Dow and Herr's story is the subject of "The Lions of Winter" by Ty Gagne.

Various reforms were made after Dow's death, including providing rescuers with workers' compensation coverage.

Other stories were mostly about adventurers who underestimated the mountain's lethality or those who made their living on the mountain and apparently decided to haunt it after their deaths.

William Curtis, 63, and Allan Ormsbee, 29, were renowned outdoor enthusiasts at the turn of the 20th century. Curtis was a founder of the Fresh Air Club.

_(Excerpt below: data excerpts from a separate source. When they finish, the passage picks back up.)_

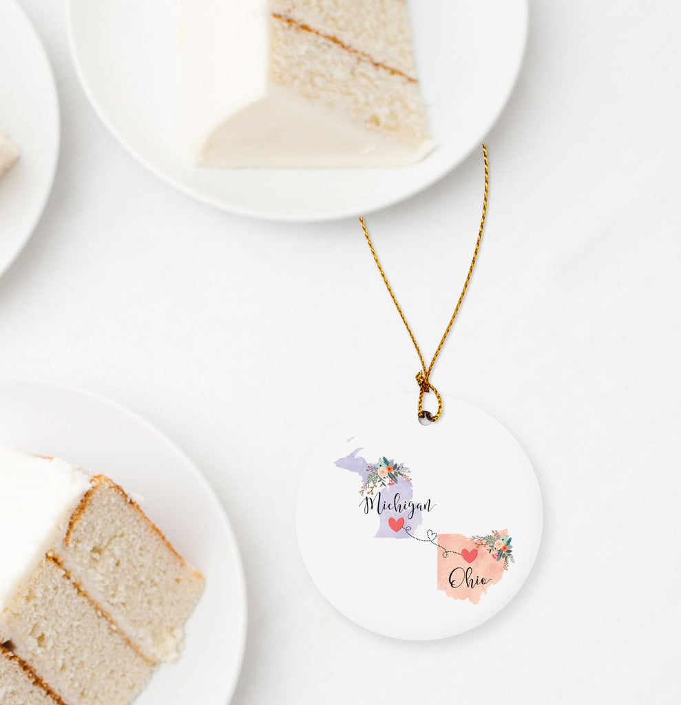 Ohio Michigan Ornament / DOUBLE SIDED Ornament / Ohio Christmas Ornament / Missing You Gift / Michigan Hostess Gift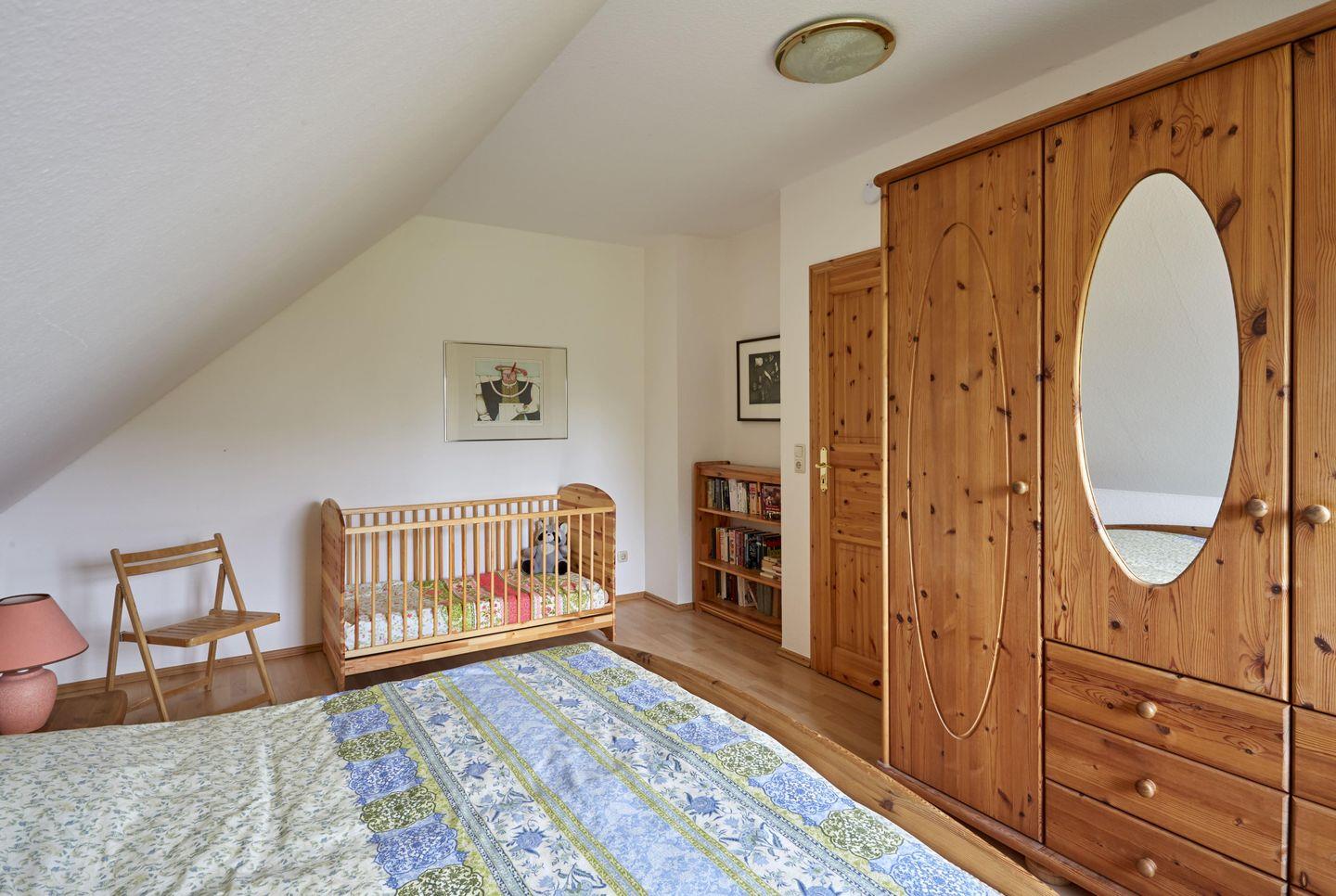 Im ersten Stock gibt es ein großes Schlafzimmer mit Doppelbett und kleinem Kinderbett, ein kleines Schlafzimmer mit Doppelbett und Liege sowie ein geräumiges Bad, in dem auch eine Waschmaschine steht. Im zweiten Stock befindet sich ein kleines Kinderzimmer mit zwei getrennten Betten im ausgebauten Spitzboden.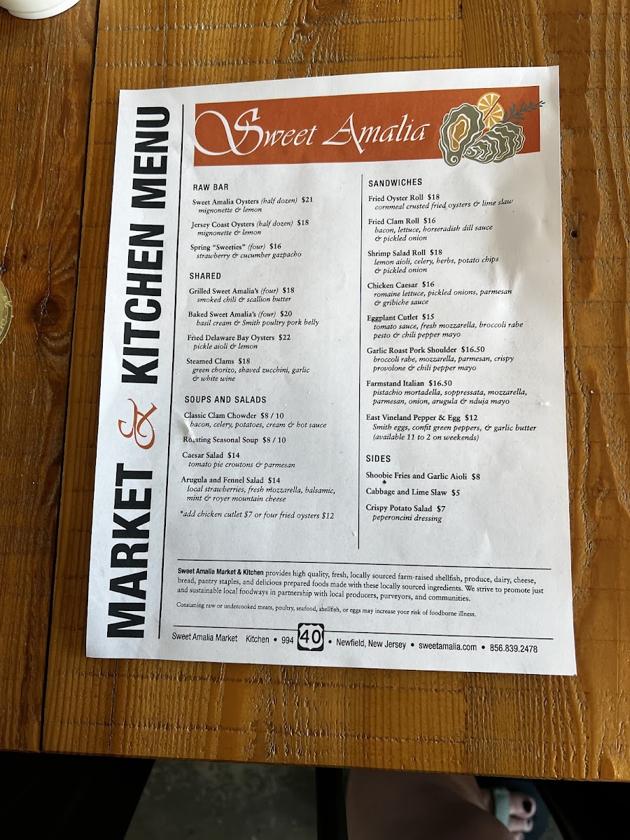 Sweet Amalia Market and Kitchen Menu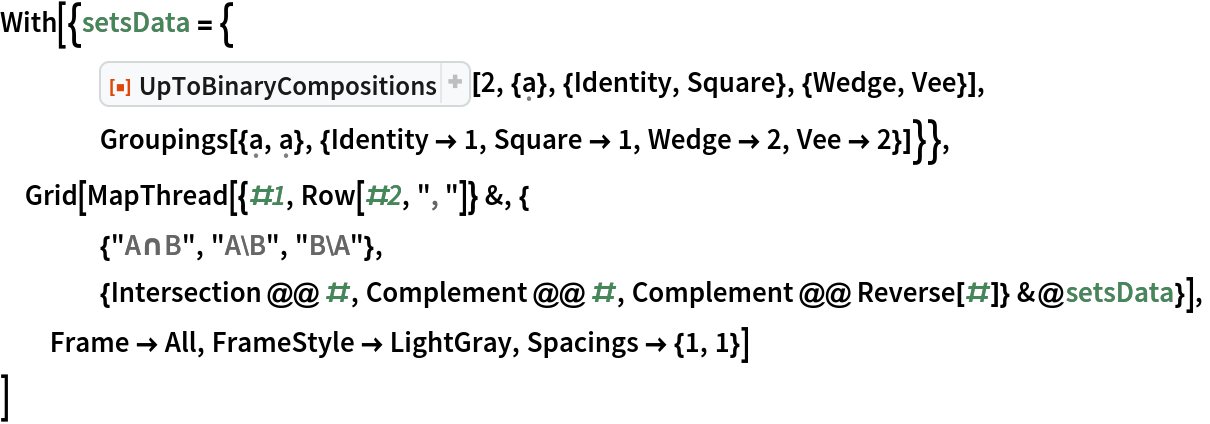Compare UpToBinaryCompositions with Groupings by treating outputs as sets (A and B respectively):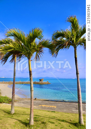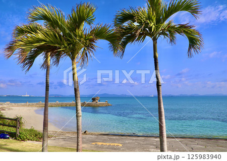 海中道路ビーチ・ヤシの木(沖縄県・うるま市)
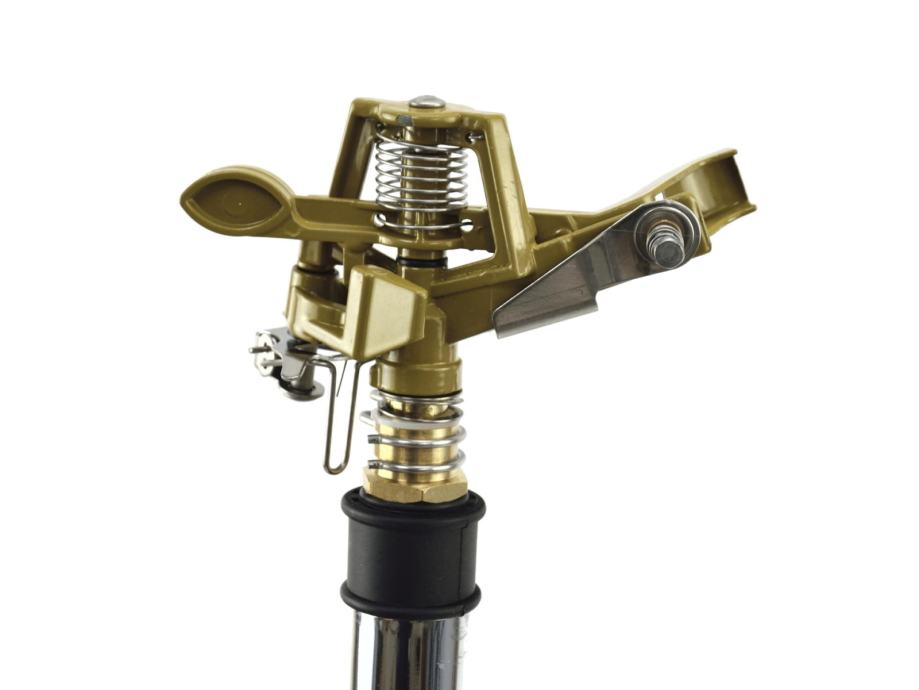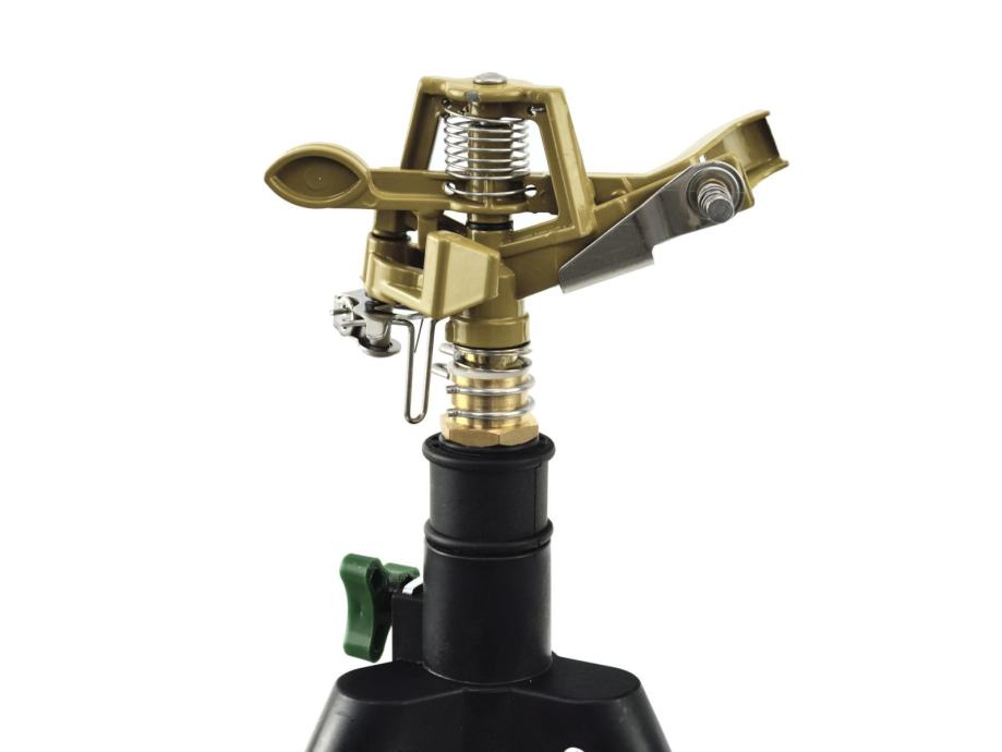 Čvrsta impulsna šprica u potpunosti od aluminija, čelika i mesinga. Montiran na postolje s podesivom visinom od 57 cm do 90 cm. Maksimalni promjer prskanja je 24 m, ovisno o tlaku vodenog mlaza. Stabilno aluminijsko postolje profilirao je savjete koji osiguravaju stabilnost raspršivača na mekim i neravnim podovima. Raspon navodnjavanja 30 do 360 ° podesiv je s dva metalna prstena. Jedinstvena prednost ovog spreja je tihi rad i učinkovit protok vode. Podesivi protok vode prema potrebama - od mlaza do raštrkane maglice.
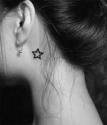 推荐一款时尚小清新个性的耳后五角星纹身图案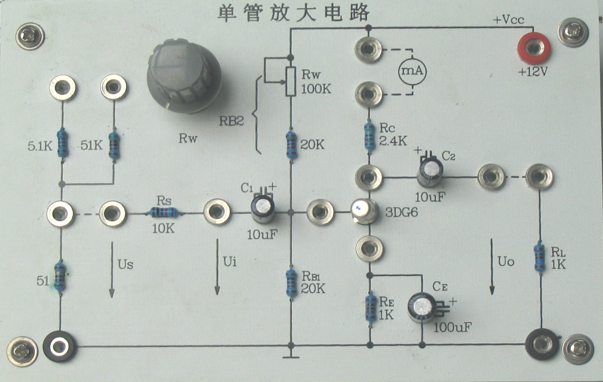 实验电路如图2-1所示, 接通+12V电源,调整Rw(偏置电位器),使VE=2.0V,测量晶体管的静态电位VB、VE、VC,并计算UCE、IC、IB的值,将测试结果记录在相应表格中。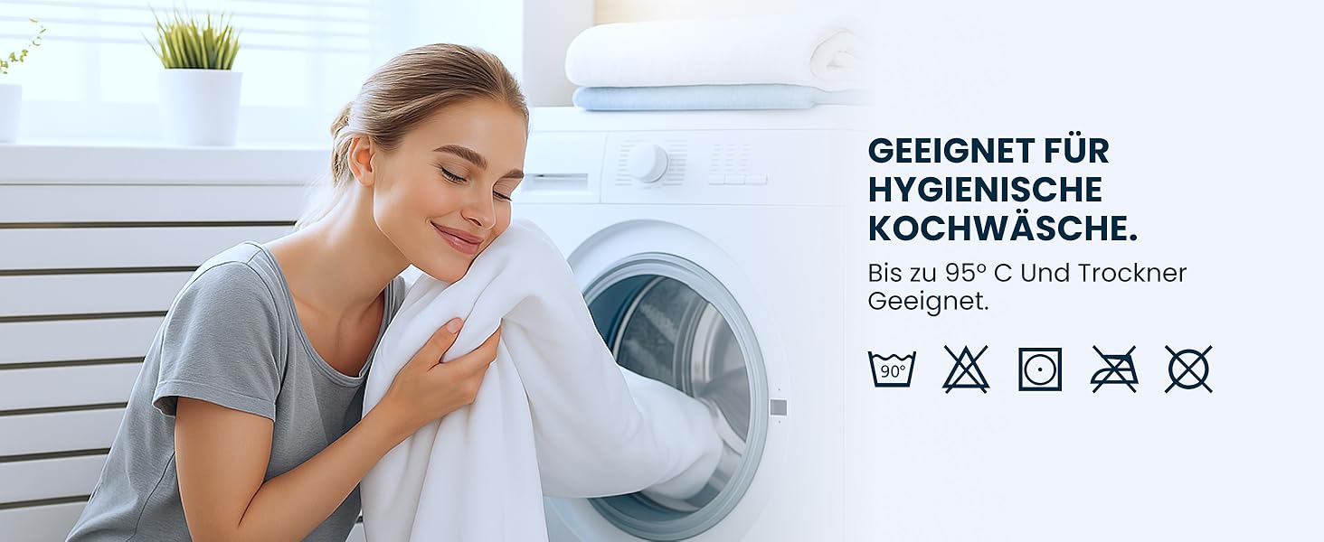 - Pflegeleicht: Waschbar bei 95 °C für hygienische Sauberkeit, bleibt auch nach vielen Wäschen weich und formstabil.

Curtis was a founder of the Fresh Air Club. The two men were hiking the Crawford Path toward Mount Washington to attend an Appalachian Mountain Club meeting on June 30, 1900, when they were caught in a blizzard and died.

AMC later built a shelter that became Lakes of the Clouds Hut near where Curtis was found.

Ormsbee's plaque is located by the Crawford Path. Folklore says that if you pass the plaque, any disrespect will be treated as fighting words by his ghost.

"Do not say 'those fools, they shouldn't turn around. What were they thinking?'" said O'Connor. "You will be hit in your gut by a force if you criticize William Curtis and Allan Ormsbee."